Data provided =>
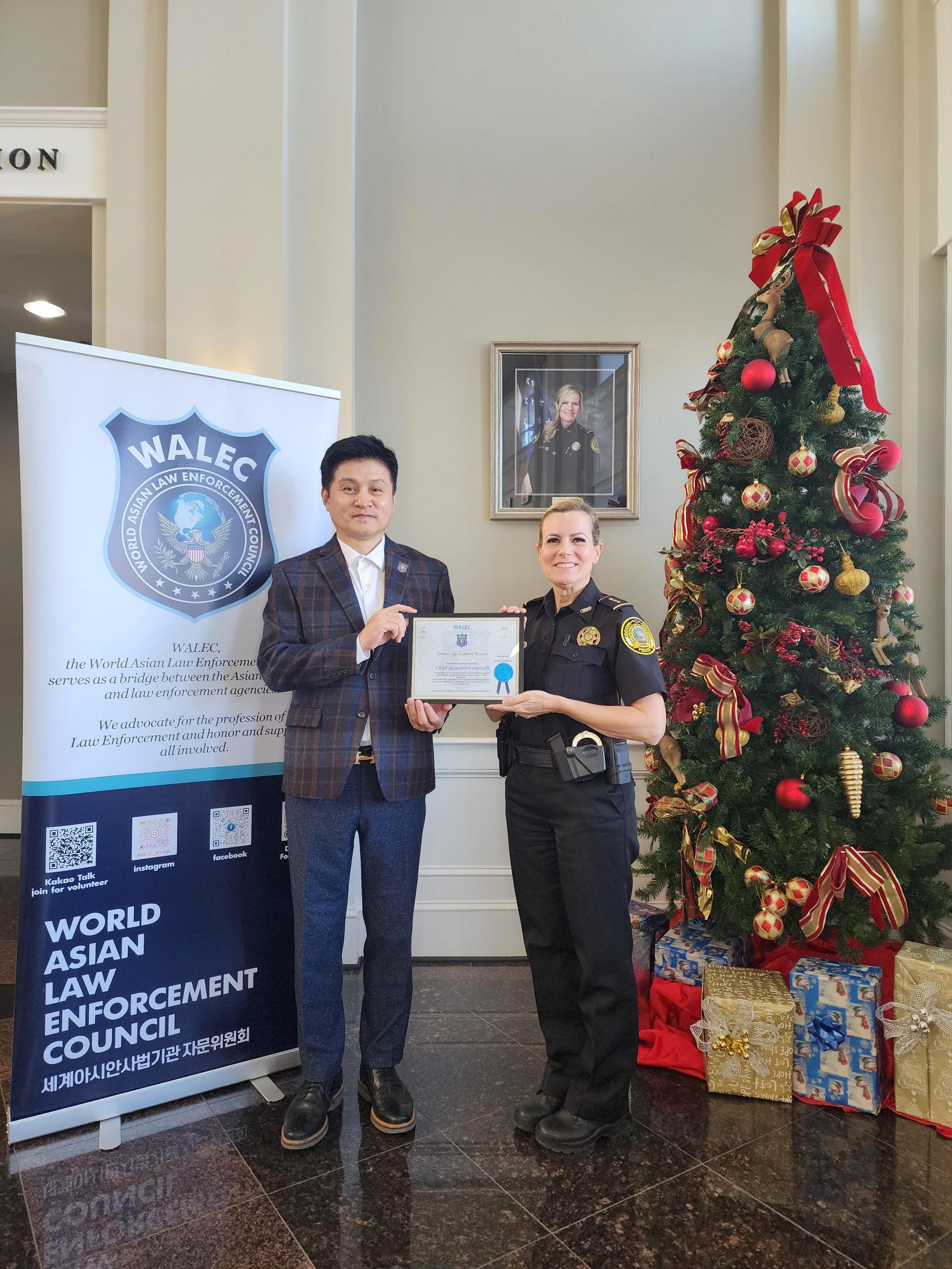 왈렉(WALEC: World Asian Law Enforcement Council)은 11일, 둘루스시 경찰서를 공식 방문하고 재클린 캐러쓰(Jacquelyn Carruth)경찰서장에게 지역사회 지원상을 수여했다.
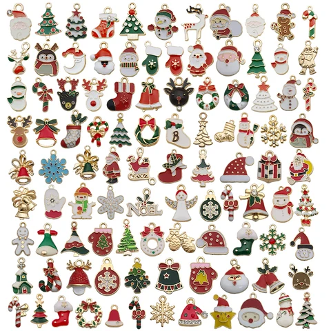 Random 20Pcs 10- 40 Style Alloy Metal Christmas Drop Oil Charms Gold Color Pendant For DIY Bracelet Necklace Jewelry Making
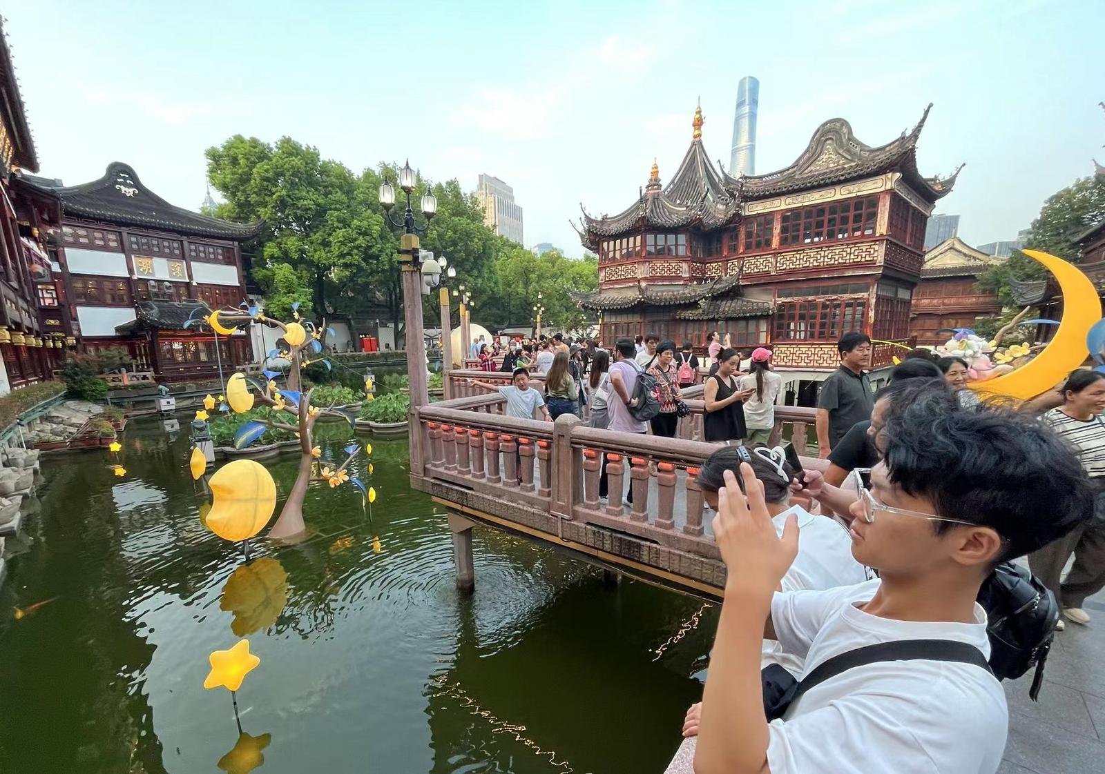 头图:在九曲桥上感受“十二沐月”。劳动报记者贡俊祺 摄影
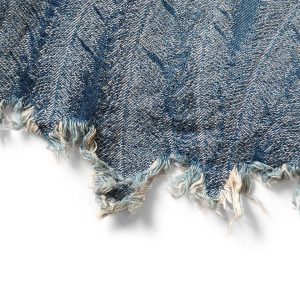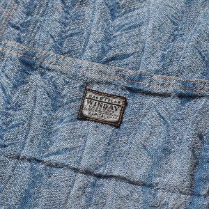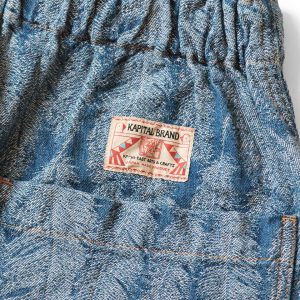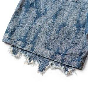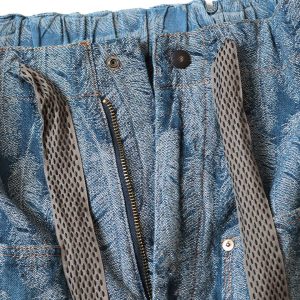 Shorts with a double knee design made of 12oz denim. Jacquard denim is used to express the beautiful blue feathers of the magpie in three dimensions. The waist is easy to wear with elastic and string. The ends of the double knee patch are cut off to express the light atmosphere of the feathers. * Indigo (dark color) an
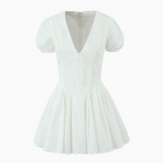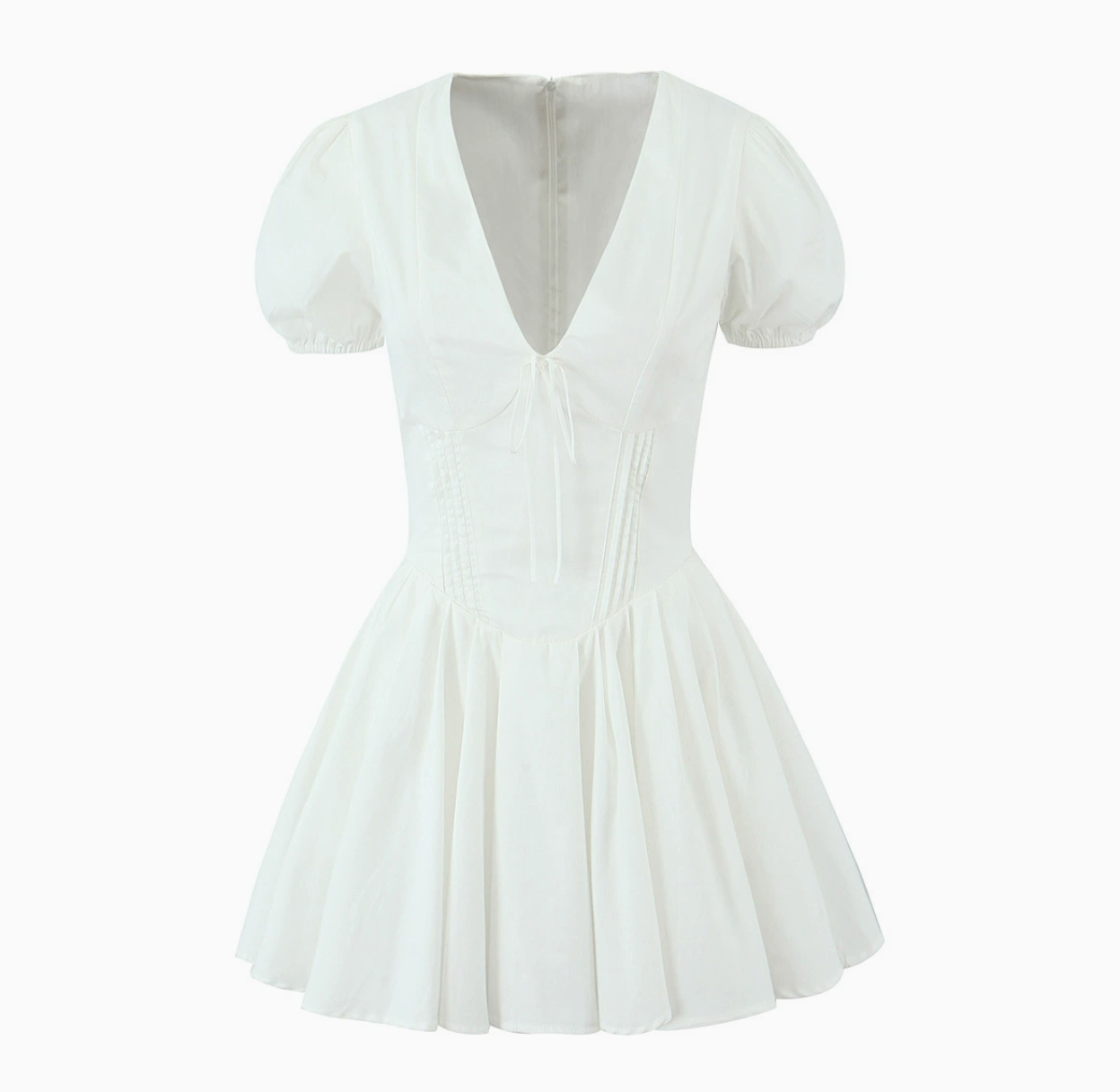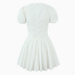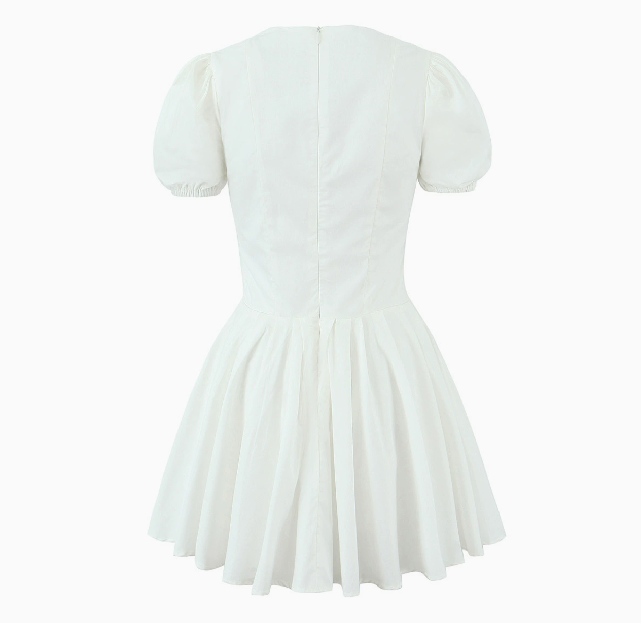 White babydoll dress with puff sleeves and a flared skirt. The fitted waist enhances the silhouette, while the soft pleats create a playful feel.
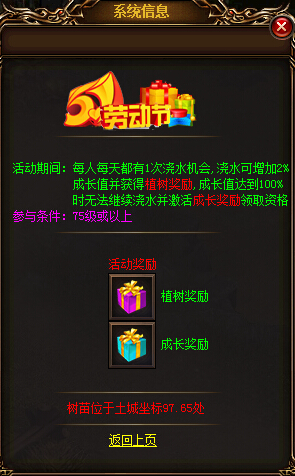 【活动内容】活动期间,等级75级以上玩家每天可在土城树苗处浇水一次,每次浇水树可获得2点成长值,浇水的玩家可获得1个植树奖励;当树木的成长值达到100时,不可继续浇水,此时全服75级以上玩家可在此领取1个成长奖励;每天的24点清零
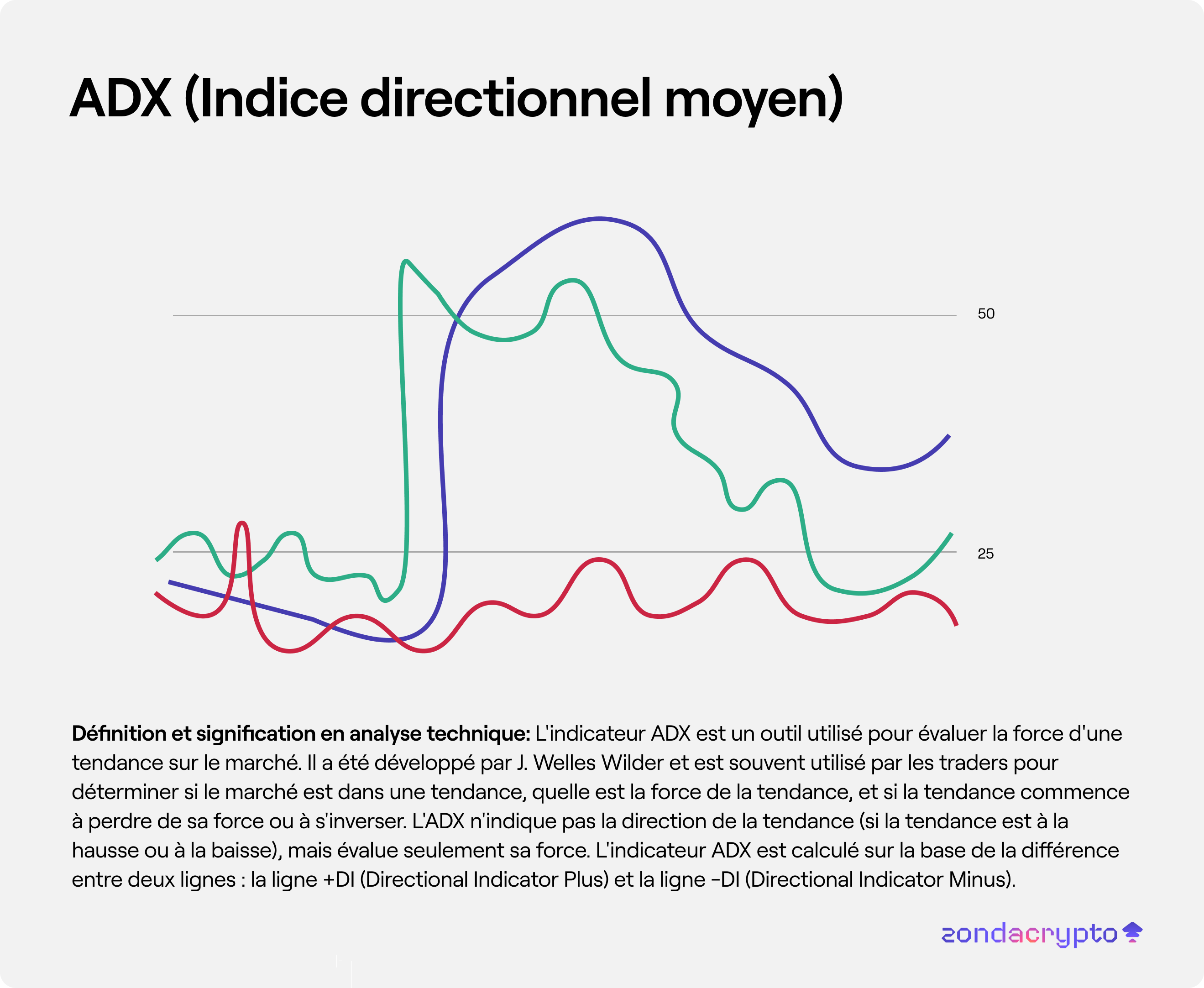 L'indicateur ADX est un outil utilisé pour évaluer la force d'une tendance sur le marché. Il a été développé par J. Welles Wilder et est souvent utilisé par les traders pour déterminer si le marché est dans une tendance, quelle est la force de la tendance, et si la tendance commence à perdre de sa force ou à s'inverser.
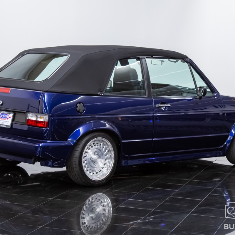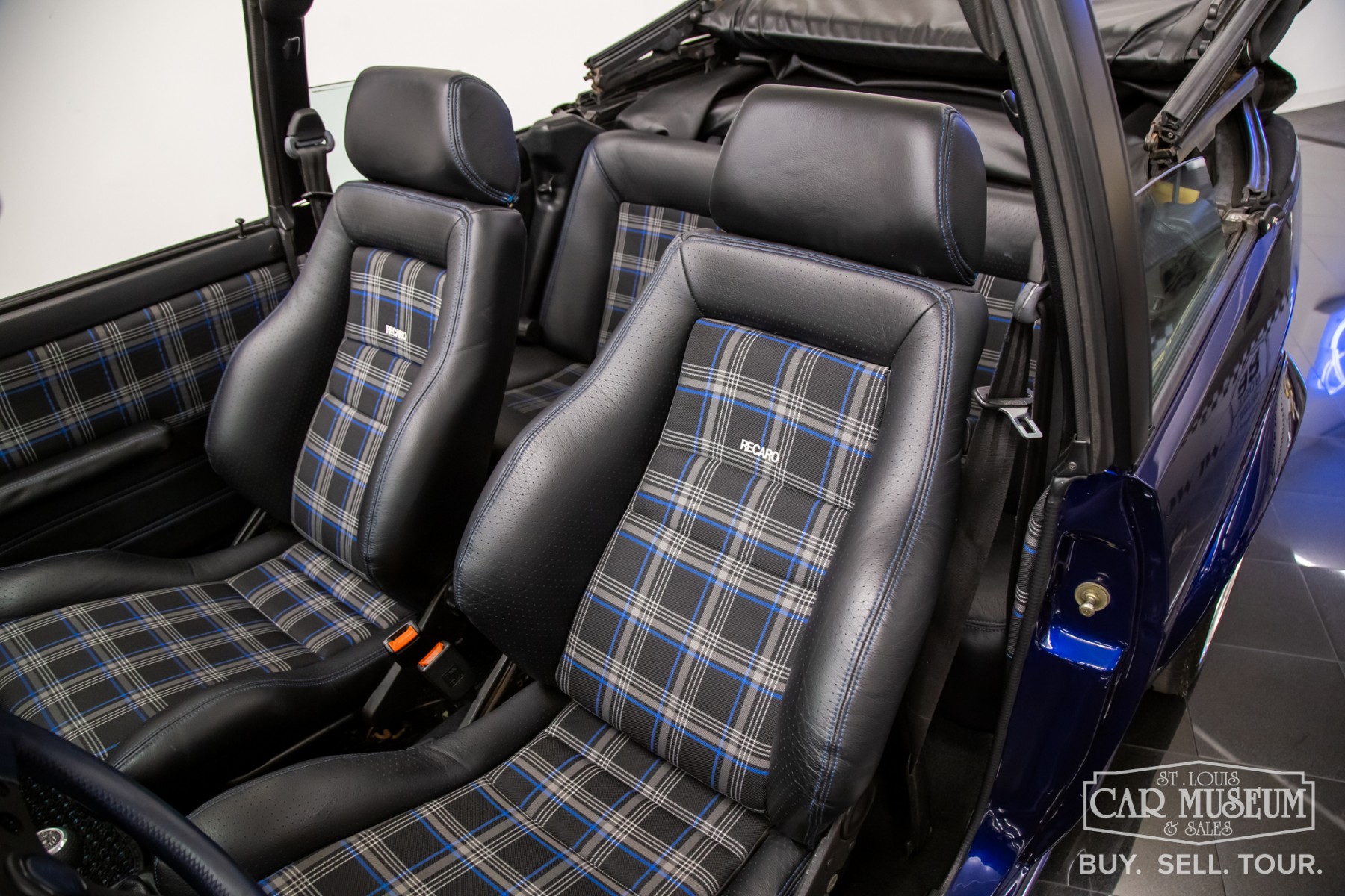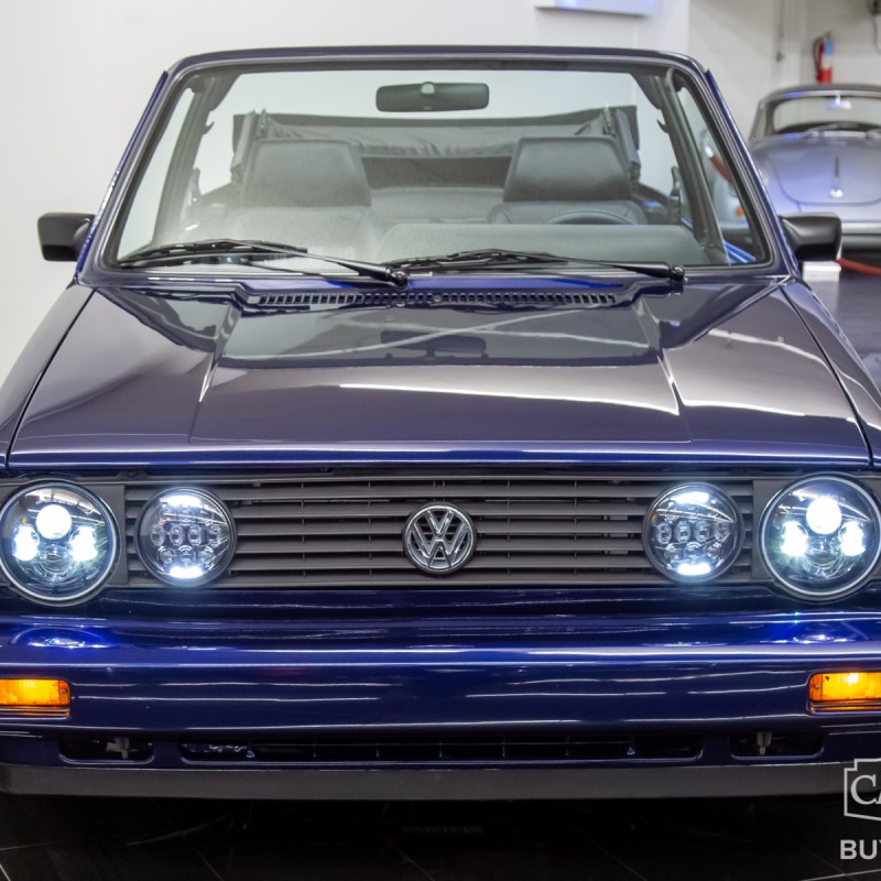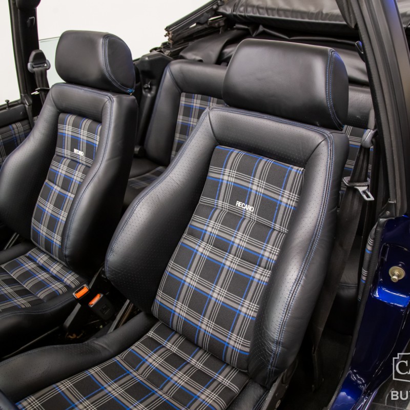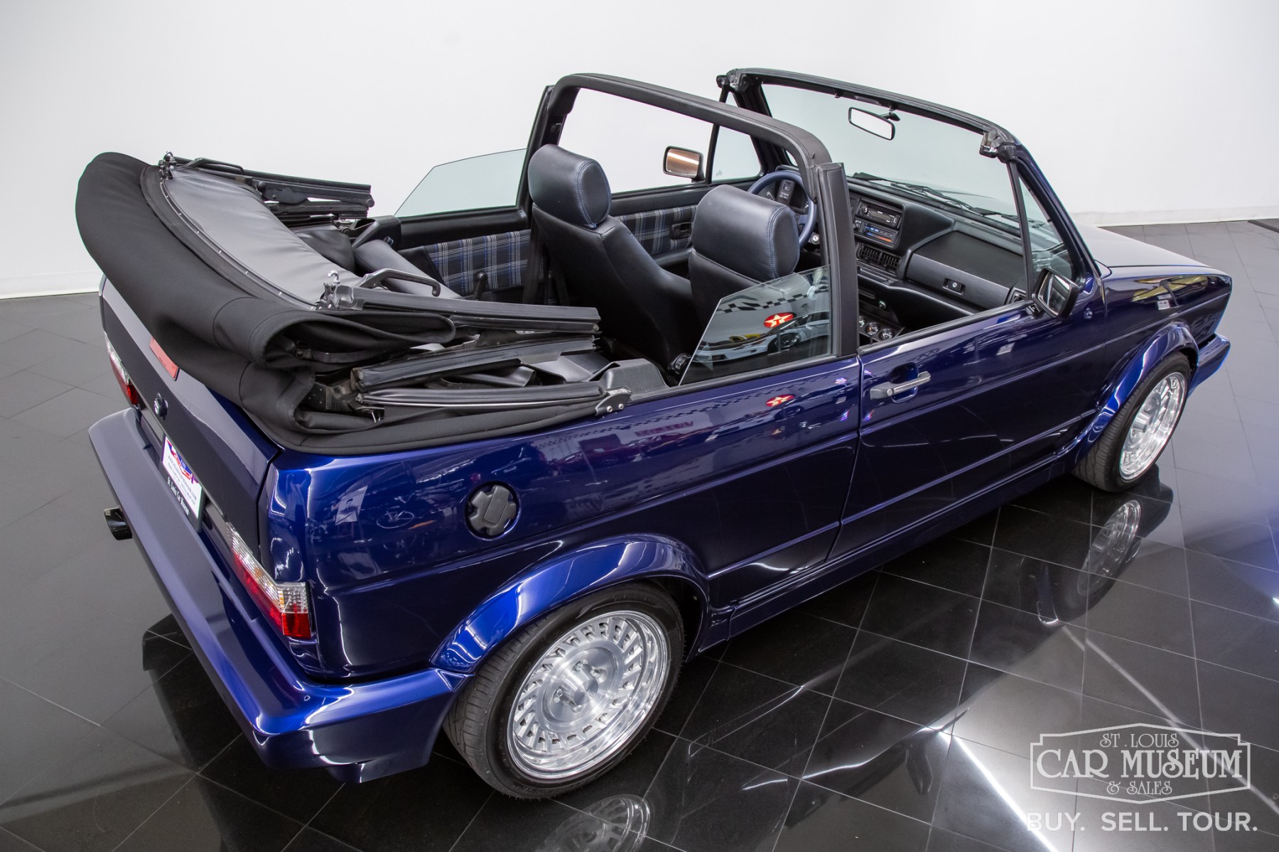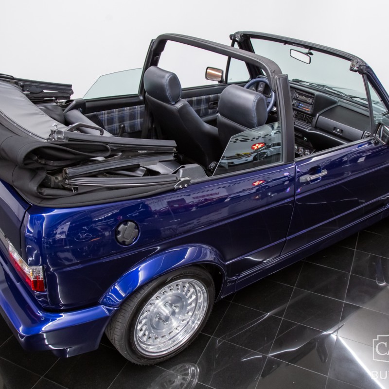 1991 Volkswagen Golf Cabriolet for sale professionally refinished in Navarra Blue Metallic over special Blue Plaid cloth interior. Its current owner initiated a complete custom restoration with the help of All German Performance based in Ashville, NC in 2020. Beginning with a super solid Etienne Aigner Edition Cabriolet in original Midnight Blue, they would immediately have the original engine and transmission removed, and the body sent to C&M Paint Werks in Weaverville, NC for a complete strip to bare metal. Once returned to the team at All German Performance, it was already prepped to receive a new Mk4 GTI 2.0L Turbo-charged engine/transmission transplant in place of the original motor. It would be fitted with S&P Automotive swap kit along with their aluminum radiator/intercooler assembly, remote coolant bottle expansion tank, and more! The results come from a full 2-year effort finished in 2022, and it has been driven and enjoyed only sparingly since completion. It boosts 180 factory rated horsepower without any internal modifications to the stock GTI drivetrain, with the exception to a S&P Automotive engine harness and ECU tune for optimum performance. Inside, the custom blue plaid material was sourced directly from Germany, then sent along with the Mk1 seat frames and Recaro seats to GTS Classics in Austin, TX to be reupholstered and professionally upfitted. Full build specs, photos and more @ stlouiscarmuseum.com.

Work task =>
Transcribe the records above exactly, leaving every picture out of the copy.

Response to this task =>
 왈렉(WALEC: World Asian Law Enforcement Council)은 11일, 둘루스시 경찰서를 공식 방문하고 재클린 캐러쓰(Jacquelyn Carruth)경찰서장에게 지역사회 지원상을 수여했다.
 Random 20Pcs 10- 40 Style Alloy Metal Christmas Drop Oil Charms Gold Color Pendant For DIY Bracelet Necklace Jewelry Making
 头图:在九曲桥上感受“十二沐月”。劳动报记者贡俊祺 摄影
 Shorts with a double knee design made of 12oz denim. Jacquard denim is used to express the beautiful blue feathers of the magpie in three dimensions. The waist is easy to wear with elastic and string. The ends of the double knee patch are cut off to express the light atmosphere of the feathers. * Indigo (dark color) an
 White babydoll dress with puff sleeves and a flared skirt. The fitted waist enhances the silhouette, while the soft pleats create a playful feel.
 【活动内容】活动期间,等级75级以上玩家每天可在土城树苗处浇水一次,每次浇水树可获得2点成长值,浇水的玩家可获得1个植树奖励;当树木的成长值达到100时,不可继续浇水,此时全服75级以上玩家可在此领取1个成长奖励;每天的24点清零
 L'indicateur ADX est un outil utilisé pour évaluer la force d'une tendance sur le marché. Il a été développé par J. Welles Wilder et est souvent utilisé par les traders pour déterminer si le marché est dans une tendance, quelle est la force de la tendance, et si la tendance commence à perdre de sa force ou à s'inverser.
 1991 Volkswagen Golf Cabriolet for sale professionally refinished in Navarra Blue Metallic over special Blue Plaid cloth interior. Its current owner initiated a complete custom restoration with the help of All German Performance based in Ashville, NC in 2020. Beginning with a super solid Etienne Aigner Edition Cabriolet in original Midnight Blue, they would immediately have the original engine and transmission removed, and the body sent to C&M Paint Werks in Weaverville, NC for a complete strip to bare metal. Once returned to the team at All German Performance, it was already prepped to receive a new Mk4 GTI 2.0L Turbo-charged engine/transmission transplant in place of the original motor. It would be fitted with S&P Automotive swap kit along with their aluminum radiator/intercooler assembly, remote coolant bottle expansion tank, and more! The results come from a full 2-year effort finished in 2022, and it has been driven and enjoyed only sparingly since completion. It boosts 180 factory rated horsepower without any internal modifications to the stock GTI drivetrain, with the exception to a S&P Automotive engine harness and ECU tune for optimum performance. Inside, the custom blue plaid material was sourced directly from Germany, then sent along with the Mk1 seat frames and Recaro seats to GTS Classics in Austin, TX to be reupholstered and professionally upfitted. Full build specs, photos and more @ stlouiscarmuseum.com.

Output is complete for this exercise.